-- Work to be completed --
Images do not belong in the copy. Retype the entries exactly.

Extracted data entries
● ● ● ● ● ● ●

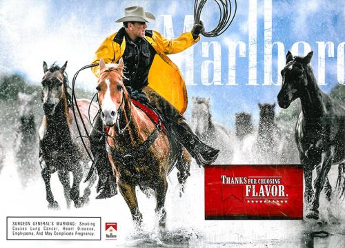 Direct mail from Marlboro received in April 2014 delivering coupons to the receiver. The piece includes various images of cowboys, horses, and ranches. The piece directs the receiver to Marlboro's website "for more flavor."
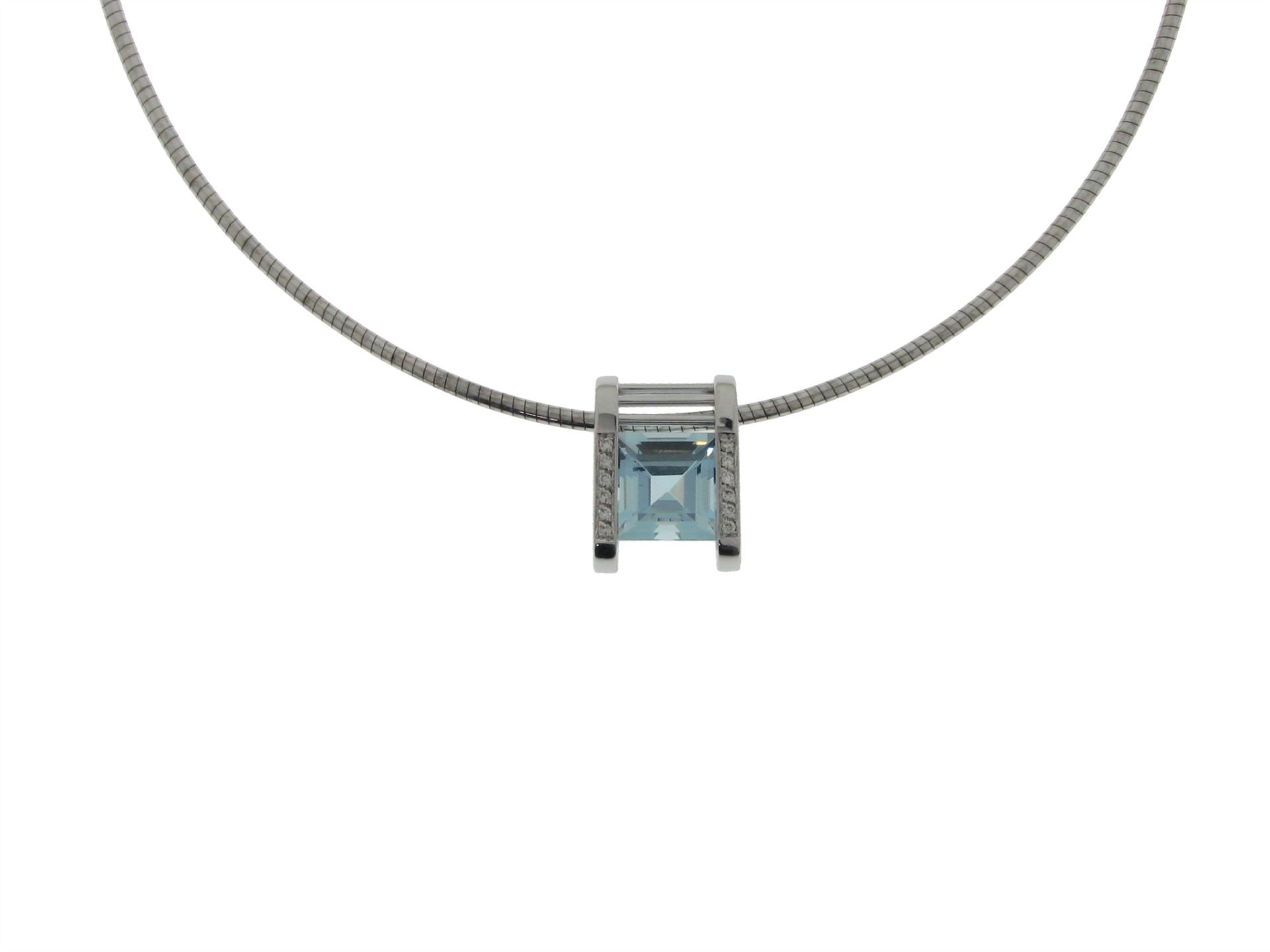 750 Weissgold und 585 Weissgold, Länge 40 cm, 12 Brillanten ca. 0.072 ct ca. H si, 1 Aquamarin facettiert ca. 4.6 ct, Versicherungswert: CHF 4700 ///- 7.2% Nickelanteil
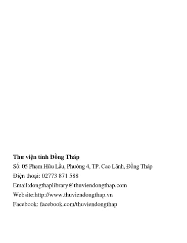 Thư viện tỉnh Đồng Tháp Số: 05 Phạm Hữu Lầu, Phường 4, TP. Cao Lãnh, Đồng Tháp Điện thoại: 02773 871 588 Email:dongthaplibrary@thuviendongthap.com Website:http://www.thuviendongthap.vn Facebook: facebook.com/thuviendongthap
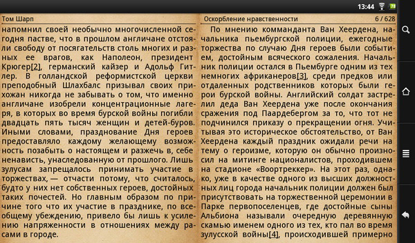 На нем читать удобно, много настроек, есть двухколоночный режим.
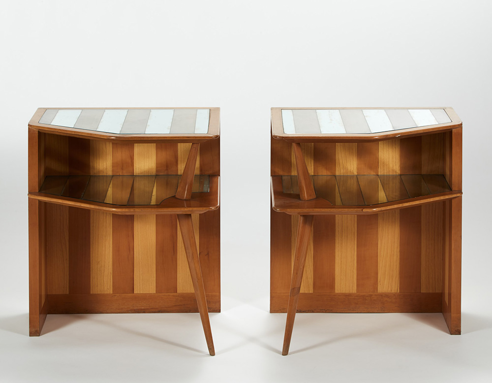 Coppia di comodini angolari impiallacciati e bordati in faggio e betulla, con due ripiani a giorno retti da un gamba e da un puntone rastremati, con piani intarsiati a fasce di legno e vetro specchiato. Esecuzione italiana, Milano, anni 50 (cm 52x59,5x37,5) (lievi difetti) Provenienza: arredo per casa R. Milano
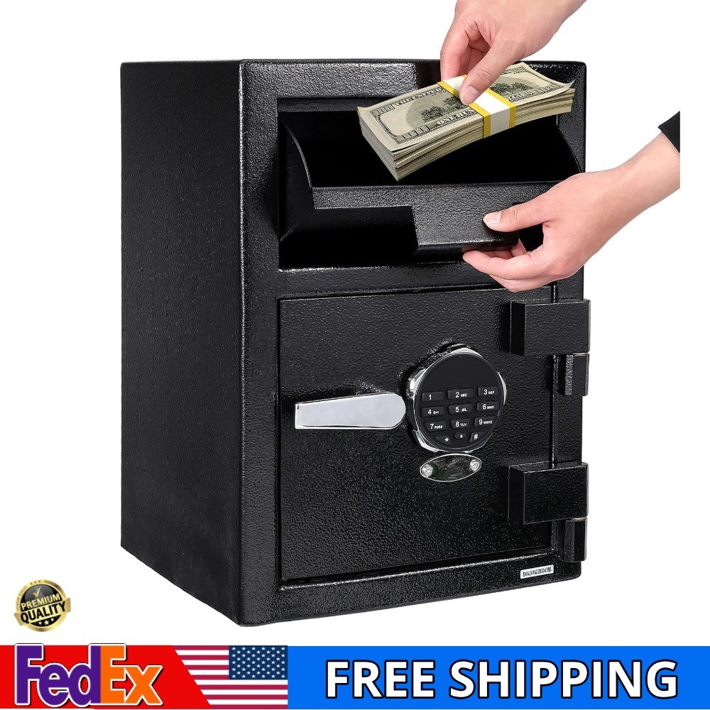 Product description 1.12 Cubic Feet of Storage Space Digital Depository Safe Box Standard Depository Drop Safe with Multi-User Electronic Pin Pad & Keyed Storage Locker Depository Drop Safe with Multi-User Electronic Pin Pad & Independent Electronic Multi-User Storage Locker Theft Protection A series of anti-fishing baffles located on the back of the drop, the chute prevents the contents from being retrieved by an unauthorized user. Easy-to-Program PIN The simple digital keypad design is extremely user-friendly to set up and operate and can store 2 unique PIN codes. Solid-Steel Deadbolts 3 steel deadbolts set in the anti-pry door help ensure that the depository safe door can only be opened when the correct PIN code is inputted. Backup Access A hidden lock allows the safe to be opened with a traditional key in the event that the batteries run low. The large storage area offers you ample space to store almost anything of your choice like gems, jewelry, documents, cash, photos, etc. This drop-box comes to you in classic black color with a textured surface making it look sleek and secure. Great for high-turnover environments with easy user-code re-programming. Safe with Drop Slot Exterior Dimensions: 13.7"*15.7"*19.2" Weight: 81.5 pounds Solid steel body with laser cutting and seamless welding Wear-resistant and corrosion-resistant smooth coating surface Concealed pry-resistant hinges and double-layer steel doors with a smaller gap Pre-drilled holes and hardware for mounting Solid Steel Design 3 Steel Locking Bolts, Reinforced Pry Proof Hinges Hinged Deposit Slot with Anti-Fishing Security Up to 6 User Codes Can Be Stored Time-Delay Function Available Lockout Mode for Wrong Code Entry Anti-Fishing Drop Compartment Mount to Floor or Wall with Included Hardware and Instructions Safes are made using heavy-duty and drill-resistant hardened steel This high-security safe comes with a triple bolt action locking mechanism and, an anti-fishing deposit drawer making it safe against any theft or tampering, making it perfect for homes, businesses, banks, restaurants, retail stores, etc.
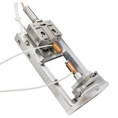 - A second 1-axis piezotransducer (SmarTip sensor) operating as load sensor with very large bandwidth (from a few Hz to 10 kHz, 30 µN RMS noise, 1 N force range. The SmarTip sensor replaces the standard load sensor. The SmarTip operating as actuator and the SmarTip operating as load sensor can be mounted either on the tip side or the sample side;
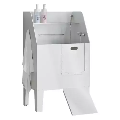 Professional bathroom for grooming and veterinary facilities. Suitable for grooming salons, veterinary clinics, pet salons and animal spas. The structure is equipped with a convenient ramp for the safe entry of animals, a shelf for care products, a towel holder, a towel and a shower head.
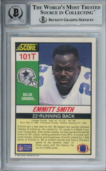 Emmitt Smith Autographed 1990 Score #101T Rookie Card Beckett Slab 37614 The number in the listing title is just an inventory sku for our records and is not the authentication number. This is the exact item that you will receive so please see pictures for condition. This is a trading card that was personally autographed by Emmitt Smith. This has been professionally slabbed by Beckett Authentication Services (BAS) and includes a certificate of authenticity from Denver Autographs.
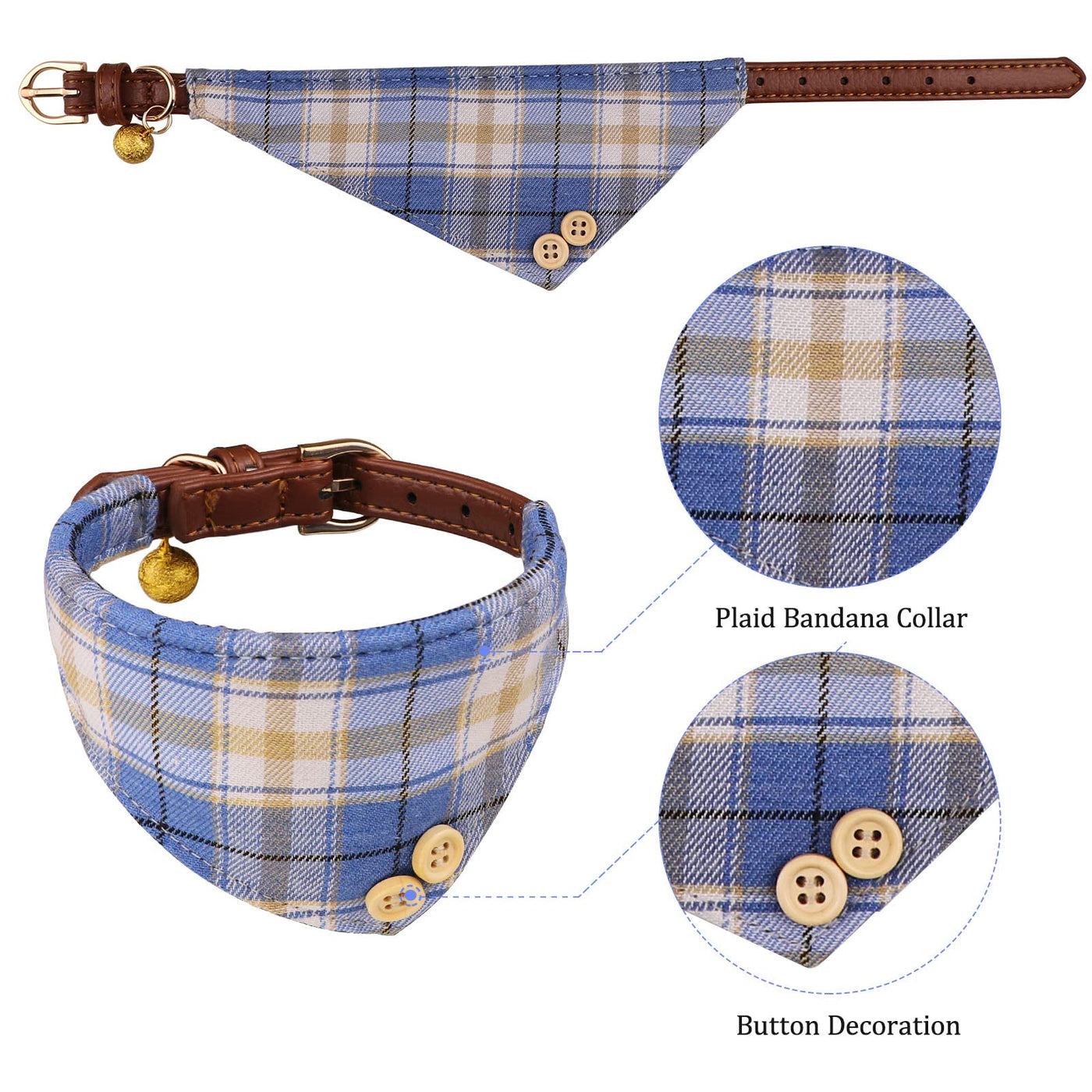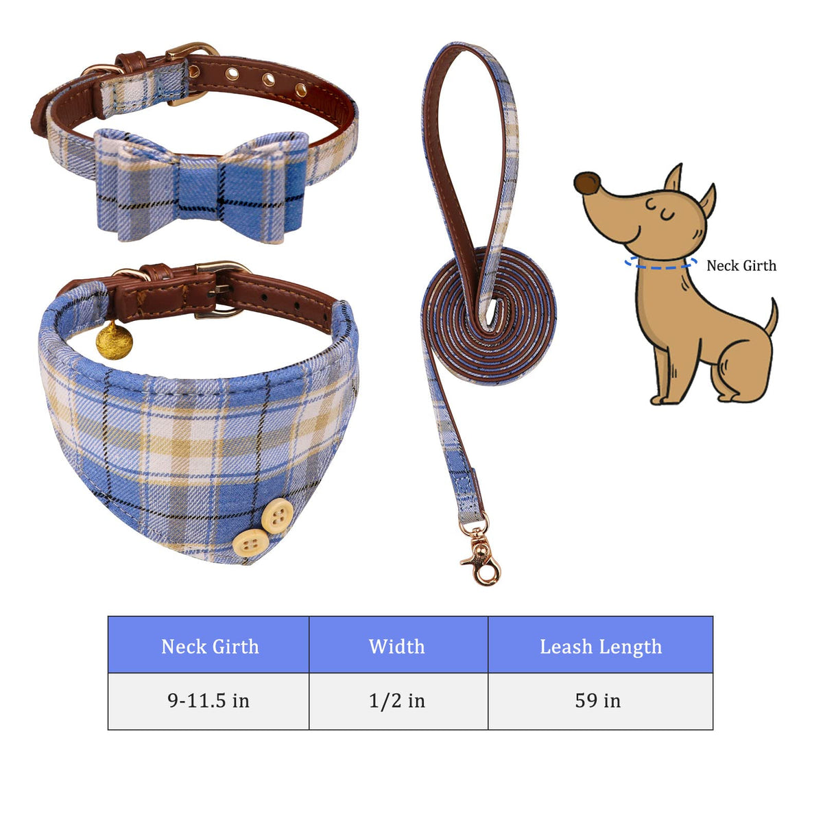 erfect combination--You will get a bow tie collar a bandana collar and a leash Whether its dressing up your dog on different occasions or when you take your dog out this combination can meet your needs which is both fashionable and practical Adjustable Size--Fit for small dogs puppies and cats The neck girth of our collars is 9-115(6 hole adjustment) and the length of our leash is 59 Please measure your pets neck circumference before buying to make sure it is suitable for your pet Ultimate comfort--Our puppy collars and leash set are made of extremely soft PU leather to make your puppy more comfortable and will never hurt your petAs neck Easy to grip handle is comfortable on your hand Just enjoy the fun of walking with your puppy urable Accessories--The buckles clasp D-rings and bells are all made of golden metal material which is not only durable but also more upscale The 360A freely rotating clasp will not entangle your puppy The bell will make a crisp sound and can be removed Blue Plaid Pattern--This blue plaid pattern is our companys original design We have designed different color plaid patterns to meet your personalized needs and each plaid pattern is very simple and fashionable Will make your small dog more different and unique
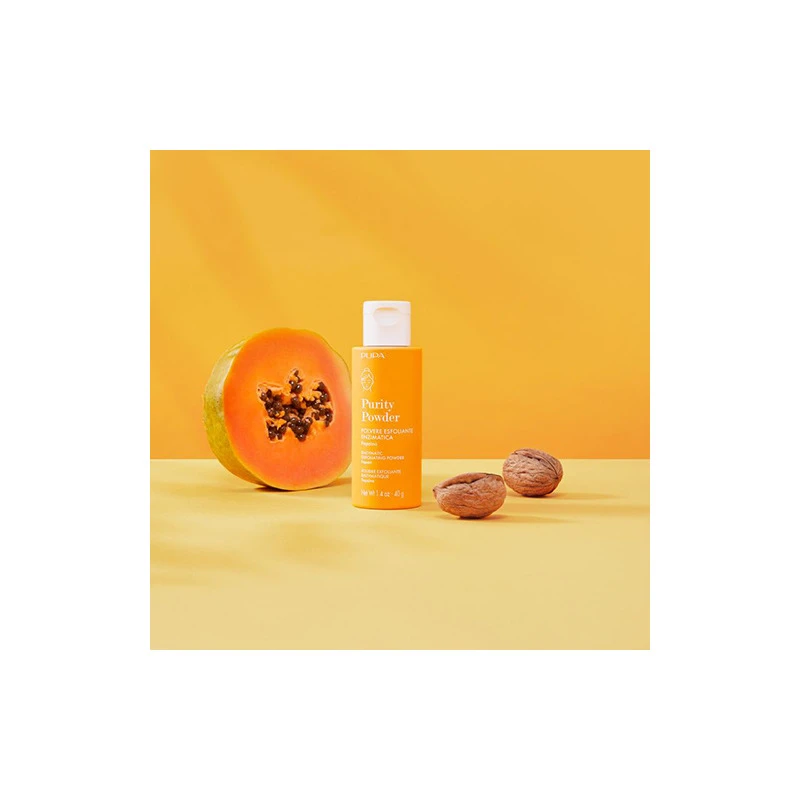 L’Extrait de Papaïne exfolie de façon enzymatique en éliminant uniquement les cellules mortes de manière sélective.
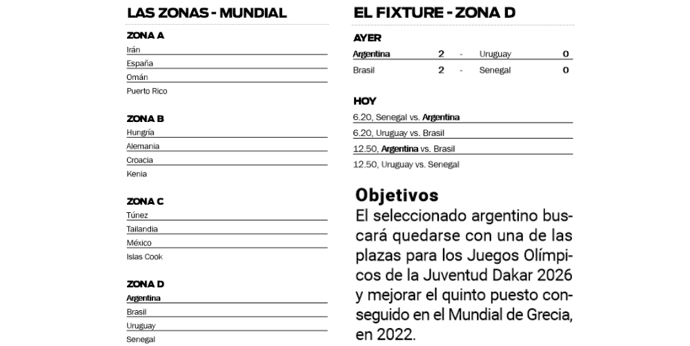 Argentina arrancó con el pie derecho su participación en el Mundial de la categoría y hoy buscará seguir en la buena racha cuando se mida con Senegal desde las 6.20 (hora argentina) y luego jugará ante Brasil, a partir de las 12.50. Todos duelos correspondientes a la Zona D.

● ● ● ● ● ● ●

-- Solution --
 Direct mail from Marlboro received in April 2014 delivering coupons to the receiver. The piece includes various images of cowboys, horses, and ranches. The piece directs the receiver to Marlboro's website "for more flavor."
 750 Weissgold und 585 Weissgold, Länge 40 cm, 12 Brillanten ca. 0.072 ct ca. H si, 1 Aquamarin facettiert ca. 4.6 ct, Versicherungswert: CHF 4700 ///- 7.2% Nickelanteil
 Thư viện tỉnh Đồng Tháp Số: 05 Phạm Hữu Lầu, Phường 4, TP. Cao Lãnh, Đồng Tháp Điện thoại: 02773 871 588 Email:dongthaplibrary@thuviendongthap.com Website:http://www.thuviendongthap.vn Facebook: facebook.com/thuviendongthap
 На нем читать удобно, много настроек, есть двухколоночный режим.
 Coppia di comodini angolari impiallacciati e bordati in faggio e betulla, con due ripiani a giorno retti da un gamba e da un puntone rastremati, con piani intarsiati a fasce di legno e vetro specchiato. Esecuzione italiana, Milano, anni 50 (cm 52x59,5x37,5) (lievi difetti) Provenienza: arredo per casa R. Milano
 Product description 1.12 Cubic Feet of Storage Space Digital Depository Safe Box Standard Depository Drop Safe with Multi-User Electronic Pin Pad & Keyed Storage Locker Depository Drop Safe with Multi-User Electronic Pin Pad & Independent Electronic Multi-User Storage Locker Theft Protection A series of anti-fishing baffles located on the back of the drop, the chute prevents the contents from being retrieved by an unauthorized user. Easy-to-Program PIN The simple digital keypad design is extremely user-friendly to set up and operate and can store 2 unique PIN codes. Solid-Steel Deadbolts 3 steel deadbolts set in the anti-pry door help ensure that the depository safe door can only be opened when the correct PIN code is inputted. Backup Access A hidden lock allows the safe to be opened with a traditional key in the event that the batteries run low. The large storage area offers you ample space to store almost anything of your choice like gems, jewelry, documents, cash, photos, etc. This drop-box comes to you in classic black color with a textured surface making it look sleek and secure. Great for high-turnover environments with easy user-code re-programming. Safe with Drop Slot Exterior Dimensions: 13.7"*15.7"*19.2" Weight: 81.5 pounds Solid steel body with laser cutting and seamless welding Wear-resistant and corrosion-resistant smooth coating surface Concealed pry-resistant hinges and double-layer steel doors with a smaller gap Pre-drilled holes and hardware for mounting Solid Steel Design 3 Steel Locking Bolts, Reinforced Pry Proof Hinges Hinged Deposit Slot with Anti-Fishing Security Up to 6 User Codes Can Be Stored Time-Delay Function Available Lockout Mode for Wrong Code Entry Anti-Fishing Drop Compartment Mount to Floor or Wall with Included Hardware and Instructions Safes are made using heavy-duty and drill-resistant hardened steel This high-security safe comes with a triple bolt action locking mechanism and, an anti-fishing deposit drawer making it safe against any theft or tampering, making it perfect for homes, businesses, banks, restaurants, retail stores, etc.
 - A second 1-axis piezotransducer (SmarTip sensor) operating as load sensor with very large bandwidth (from a few Hz to 10 kHz, 30 µN RMS noise, 1 N force range. The SmarTip sensor replaces the standard load sensor. The SmarTip operating as actuator and the SmarTip operating as load sensor can be mounted either on the tip side or the sample side;
 Professional bathroom for grooming and veterinary facilities. Suitable for grooming salons, veterinary clinics, pet salons and animal spas. The structure is equipped with a convenient ramp for the safe entry of animals, a shelf for care products, a towel holder, a towel and a shower head.
 Emmitt Smith Autographed 1990 Score #101T Rookie Card Beckett Slab 37614 The number in the listing title is just an inventory sku for our records and is not the authentication number. This is the exact item that you will receive so please see pictures for condition. This is a trading card that was personally autographed by Emmitt Smith. This has been professionally slabbed by Beckett Authentication Services (BAS) and includes a certificate of authenticity from Denver Autographs.
 erfect combination--You will get a bow tie collar a bandana collar and a leash Whether its dressing up your dog on different occasions or when you take your dog out this combination can meet your needs which is both fashionable and practical Adjustable Size--Fit for small dogs puppies and cats The neck girth of our collars is 9-115(6 hole adjustment) and the length of our leash is 59 Please measure your pets neck circumference before buying to make sure it is suitable for your pet Ultimate comfort--Our puppy collars and leash set are made of extremely soft PU leather to make your puppy more comfortable and will never hurt your petAs neck Easy to grip handle is comfortable on your hand Just enjoy the fun of walking with your puppy urable Accessories--The buckles clasp D-rings and bells are all made of golden metal material which is not only durable but also more upscale The 360A freely rotating clasp will not entangle your puppy The bell will make a crisp sound and can be removed Blue Plaid Pattern--This blue plaid pattern is our companys original design We have designed different color plaid patterns to meet your personalized needs and each plaid pattern is very simple and fashionable Will make your small dog more different and unique
 L’Extrait de Papaïne exfolie de façon enzymatique en éliminant uniquement les cellules mortes de manière sélective.
 Argentina arrancó con el pie derecho su participación en el Mundial de la categoría y hoy buscará seguir en la buena racha cuando se mida con Senegal desde las 6.20 (hora argentina) y luego jugará ante Brasil, a partir de las 12.50. Todos duelos correspondientes a la Zona D.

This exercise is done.